HepG2 cells were cultured in DMEM with 10% FCS, penicillin (100 U/mL), and streptomycin (100 μg/mL) at 37 °C (5% CO₂, 100% relative humidity). These cells were digested using 0.25% trypsin and then seeded into 96-well plates. After incubation for 24 h, the cells were treated with the isolated compounds (10 μM) and APAP (8 mM) and incubated for 48 h. A volume of 100 μL of MTT solution (0.5 mg/mL) was then added into each well. After incubation for 4 h at 37 ℃, the cells were finally lysed with 150 μL DMSO. Finally, the absorbance was measured at 570 nm with a microplate reader, using bicyclol as the positive control.

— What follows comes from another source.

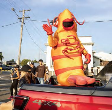 Eighth Avenue doubled as a festival runway last Saturday afternoon, as Hollywood rolled onto Home Hill’s front doorstep in the form of 38 exuberantly decorated floats for the Harvest Festival Grand Parade.

The results were expressed as percentage of cell viability (%), hypothesizing the viability of control cells as 100%.

3.7. Neuroprotective Activity Assay

Human neuroblastoma SH-SY5Y cells were maintained in DMEM supplemented with 10% FBS, 100 U/mL penicillin, and 100 µg/mL streptomycin at 37 ℃ under a water-saturated atmosphere of 5% CO₂. The cells were seeded in 96-well culture plates (1 × 10⁴ cells/well) in 100 μL for 18 h, then incubated with the isolated compounds (10 μL, 10 μM) for 4 h. In order to induce an oxidative stress, 100 μL freshly prepared culture medium with 200 μM H₂O₂ (IC₅₀ = 128.5 μM) was added to the cells and incubated with the compounds at 37 °C for 24 h. Then, 10 μL MTT solution (5 mg/mL) was added into each well. After incubation for 4 h at 37 °C, the cells were finally lysed with 150 μL DMSO. The absorbance was measured at 570 nm, using l-NBP (l-3-n-butylphthalide) as the positive control. The results were expressed as percentage of cell viability (%).

4. Conclusions

In summary, two new caffeoylquinic acid derivatives (1,2), a new flavanone glycoside (3), and six reported flavanone glycosides (4–9), were isolated and characterized from the dried flowering head of C. morifolium Ramat. The in vitro evaluation of neuroprotective activity suggested that compounds 3 and 4 could improve cell viability at a concentration of 10 μM. This paper not only enriches the chemical diversity of C. morifolium compounds but also provides useful clues on the neuroprotective agents of C. morifolium Ramat cv. “HJ”, which will contribute to the development and application of this functional food. Further investigations should be implemented to examine the neuroprotective activity in vivo and the required isolates’ concentrations and provide real biological significance in the future.